歩く:JR東海道本線清水駅下車 清水港は駅から歩いて5分ほど 周辺散策
   駅前に戻り、バス三保方面行きバスで松原入り口

 案内書に「慶長12年(1607)徳川家康は征夷大将軍を辞して駿府(静岡市)を隠退の地
として江戸より移った。町家を建設し、42軒の廻船問屋に営業権を与えた。以後、清水
港は江戸・大坂間の物資輸送の中継地として、多くの廻船で賑わった」とあります。

 国道1号線(東海道)は清水駅の西横でほぼ直角に曲がっています。伊豆や相模、武蔵
や常陸などの住人が京へ上るとき、ここで西にターンしたのでしょう。源頼朝も足利尊氏
もここで向きを変えて、京をめざしたに違いありません。駅の東横が清水港です。

 家康が気候温暖な駿府に引退したのは、たんに老いを養うためではなかったのでしょう。
大阪城攻撃の出兵には、駿府がキーポイントになりました。大阪の陣には、関東10万の
兵がここで西に向きを変えて東海道を上りました。

 多くの大砲を試射して、清水港から大阪港へ船で運びました。冬の陣で難攻不落を誇っ
た大阪城は大砲の一斉射撃により城郭が崩れ、講和のやむなきにいたりました。壕を埋め
られて、半年後の夏の陣で落城し豊臣氏は滅びました(1615)。

 港の辺りは(静岡市清水区港町)、かっては江尻津と呼ばれていました。広重の東海道
五十三次江尻があります。案内書を片手に、咸臨丸乗組員を葬った「壮士墓」や「次郎長
の生家」などを回りました。

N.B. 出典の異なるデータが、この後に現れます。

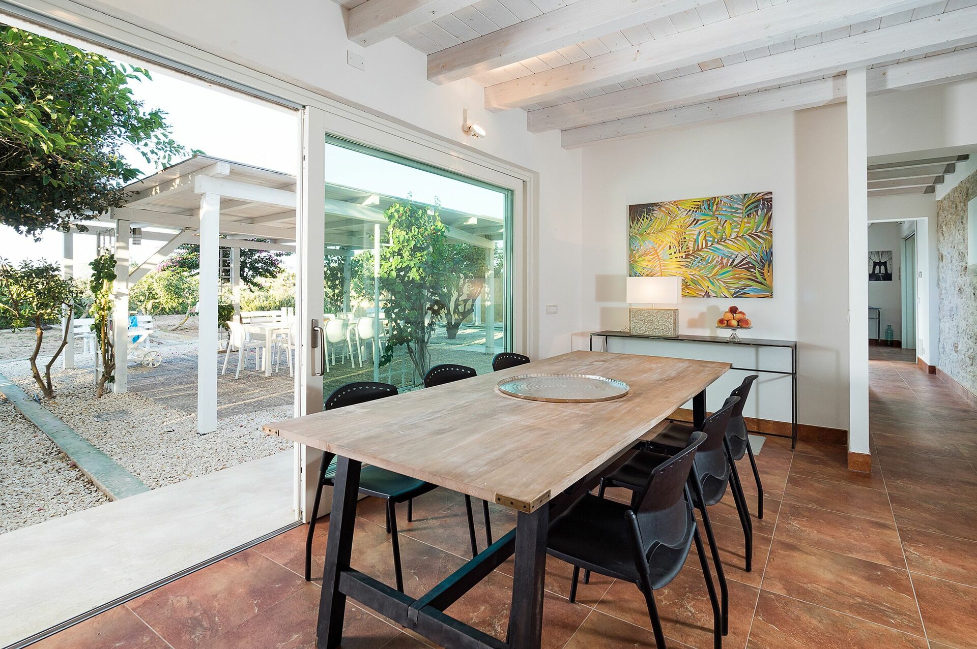 Outside, a well kept garden with several fruit trees is at guests disposal to enjoy their holiday in Sicily and the equipped outdoor area offers them the chance to arrange al fresco dining breathing the sea breeze.

「明治元年(1868)暴風雨で清水港に漂着した幕府軍艦・咸臨
丸の乗組員は、官軍に殺された。清水次郎長は子分を指図して、放置された遺体を巴川畔
に埋葬した。旧幕臣・山岡鉄舟が感激して墓碑銘を贈った」のだそうです。

 駅前に戻って、バスで美保の松原に向かいました。家康は風光明媚な松原に何度も足を
運びながら、大阪城攻略の策を練っていたのでしょう。松原入り口でバスから降りて、御
穂神社に参詣しました。「延喜式式内社で創建年代は不明。祭神は大己貴命と三穂津姫命」
だそうです。宝物館には国重文の太刀拵や天女の羽衣の一片といわれる布の切れ端などが
展示されていました。

 御穂神社の横から松原続きで、「羽衣の松」と「三保の松原」の石碑が立つ海岸に出ま
した。「現在の羽衣の松は樹齢650年のクロマツで2代目(3代目?)だそうです。多くの
松と海岸の景色を眺めながら北に20分ほど歩くと清水灯台がありました。ここから眺め
る富士山は絶景です。

 灯台の近くに「甲飛予科練之像」があります。「予科練教程専門の練習航空隊。隊員た
ちは全員特攻隊に編入された」のだそうです。三保の松原に飛行場があったとは意外でし
た。若者たちが爆弾を抱えた飛行機で敵艦に突っ込むとき、母の顔とこの景色を思い浮か
べたに違いありません。 合掌。